Home business ordinance moves to public hearing

The Hillsboro Planning and Development Commission approved wording for a new zoning ordinance addressing home-based businesses at their meeting last Thursday.

A public hearing on the proposed ordinance has been set for Oct. 26.

Eric Strauss, planning consultant, described the city’s approach to home occupations as “liberal” compared with many other cities. He said the ordinance is clearly intended to stop nuisances but otherwise “let people do whatever they want.”

The commission will define a home occupation as being “any profession, other occupation or activity carried out for revenue by a resident of a dwelling conducted as an accessory use which is clearly incidental and secondary to the use of the premises as a dwelling.”

In addition to the limitations that already apply to the respective residential district, a home business, according to the new ordinance, would need to meet the following standards:

— The business must be conducted within the confines of the main dwelling and garages or carports.

— Materials, equipment samples and goods cannot be stored outside those structures.

— Business hours must be within 7 a.m. to 10 p.m.

— Except for appropriate signage, no alterations can be made to a house or accessory structure that would alter the property’s residential appearance.

— On-site employment must be limited to not more than one person who does not live on the premises.

— Traffic generated by the business must not exceed what would be considered normal for a residential neighborhood, and any need for additional parking must be met off the street and not in a required front yard.

— A home business should not cause the elimination of required off-street parking.

— A home business must not create excessive illumination, noise, odor, dust, heat, smoke, vibration, electrical interference, radio or television transmission interference, air pollution, water pollution or conflict with the use of adjacent property.

— Toxic substances cannot be produced, dumped or stored on the premises.

The ordinance would generally prohibit several types of businesses, but they could be approved with special permission from the HPDC.

Those business would include those involved in retail or wholesale sales; regular sales to the public on the premises; equipment rental; sale of any parts; lawnmower, appliance equipment and machinery repair; automobile and other motor vehicle repair service or sales; and the storage or use of highly flammable, toxic or other hazardous materials.

“This is a pretty liberal approach to home occupations in that it restricts nothing absolutely,” Strauss said.

As members discussed the standards listed in Strauss’s revised proposal, they reaffirmed that approach several times during the meeting.

“I guess I’m against having regulations for every little thing that comes along,” said member Judy Klein, expressing a common sentiment.

Two standards suggested in the proposal-to restrict the number of children or adults in home-based day-care operations-were eliminated from the list in favor of the more liberal guidelines set by the state.

The new ordinance, once passed, would grandfather in existing home businesses, but existing business that would otherwise be in conflict with the ordinance could not expand, Strauss said.

Enforcement of the ordinance would be the responsibility of the city superintendent, he said.
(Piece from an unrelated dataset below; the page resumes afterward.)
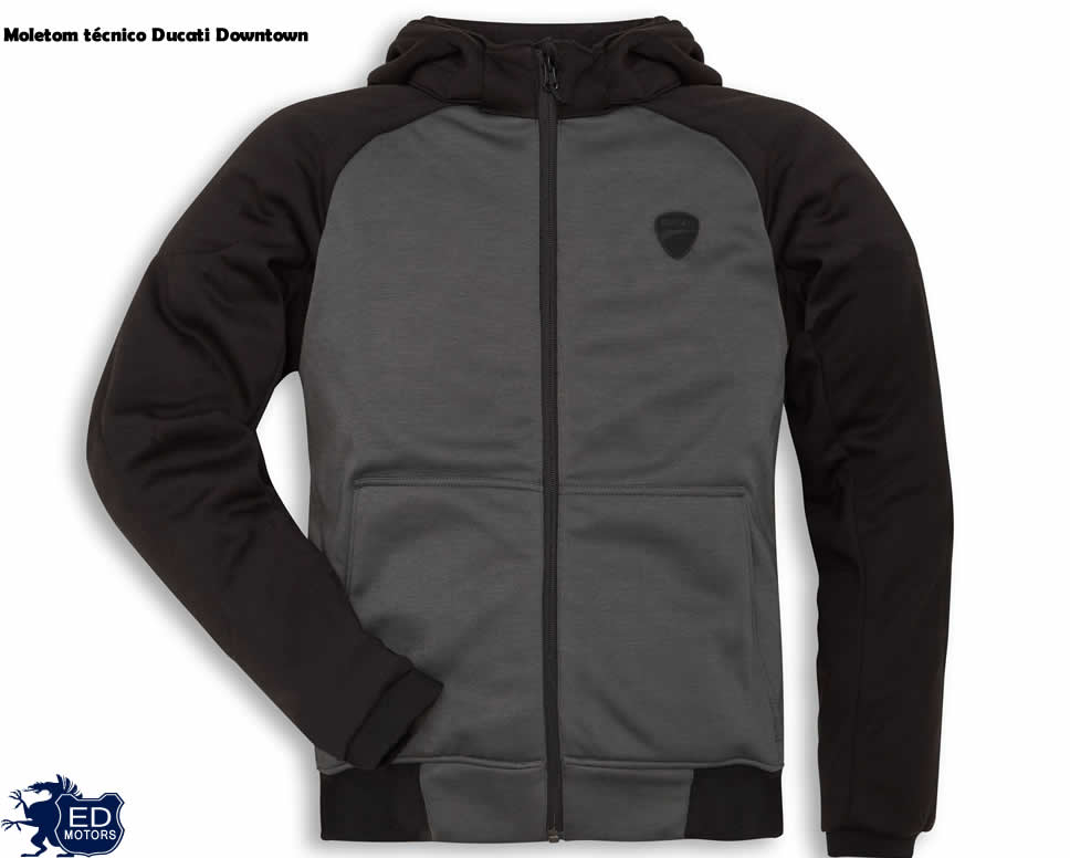 Moletom técnico Ducati Downtown. Feito em moletom de poliéster, mas com toque de sensação de algodão, o modelo tem capuz removível. A peça masculina lifestyle vem equipada com elementos de proteção que são característicos do vestuário motociclístico. O modelo é dotado no seu interior de reforços antiabrasão em fibra de aramida, proteções nos ombros e bolso nas costas para a introdução do protetor de coluna Nucleon (vendido separadamente). Preço sugerido: R$ 1.107,00

Strauss admitted that, given the ordinance’s liberal approach, in most cases enforcement would be more reactive than proactive.

“Neighbors will have to complain, or Johnnie (Liles, city superintendent) will drive by and see the problems,” Strauss said.

In other business, the commission declined to get involved in setting aesthetic standards for accessory buildings on residential property.

The issue surfaced because Kermit Dirksen, the city’s building inspector, had received a request for a building permit from a resident to construct a canopy-like metal structure manufactured by Clark Metal Buildings, Inc., of Crescent, Okla.

The buildings are of a bent steel tubing frame design with ribbed horizontal sheet metal.

Dirksen turned down the request because the building design did not have the stamp of a State of Kansas architect.

The stamp would indicate the design of the structure meets state safety standards in regard to snow and wind.

The commission affirmed Dirksen’s position, particularly after Mayor Delores Dalke reported that some cities in Kansas have been sued when buildings with unapproved designs have collapsed.

Dirksen said his primary concern with the request was structural safety, by he added that he was reluctant to issue a permit also “based on the history of communities’ resistance to mobile home appearances.”

The commission soon decided it was not prepared to get into the business of establishing aesthetic standards for accessory buildings.

“If we start doing it, we’ll have to do it universally,” said member Craig Roble.

In their final item of business, the commission agreed to redraw the boundaries of the area of city zoned as the “central business district” to reflect current uses.

To illustrate the problem, members were told that their meeting room in city hall was still zoned “medium residential” even though “general commercial” would be more appropriate.

The new boundaries, which will be finalized with legal description, would include a few residential structures.

But homeowners would be unaffected by the zoning change, Strauss said.

They city will issue each homeowner a conditional-use permit that would apply to the property as long as it remained residential. Rezoning would have no tax implications.

The commission approved motions to rezone the affected areas from medium residential to general commercial, then to add them to the central business district overlay.

These changes will be on the agenda for a separate public hearing Oct. 26.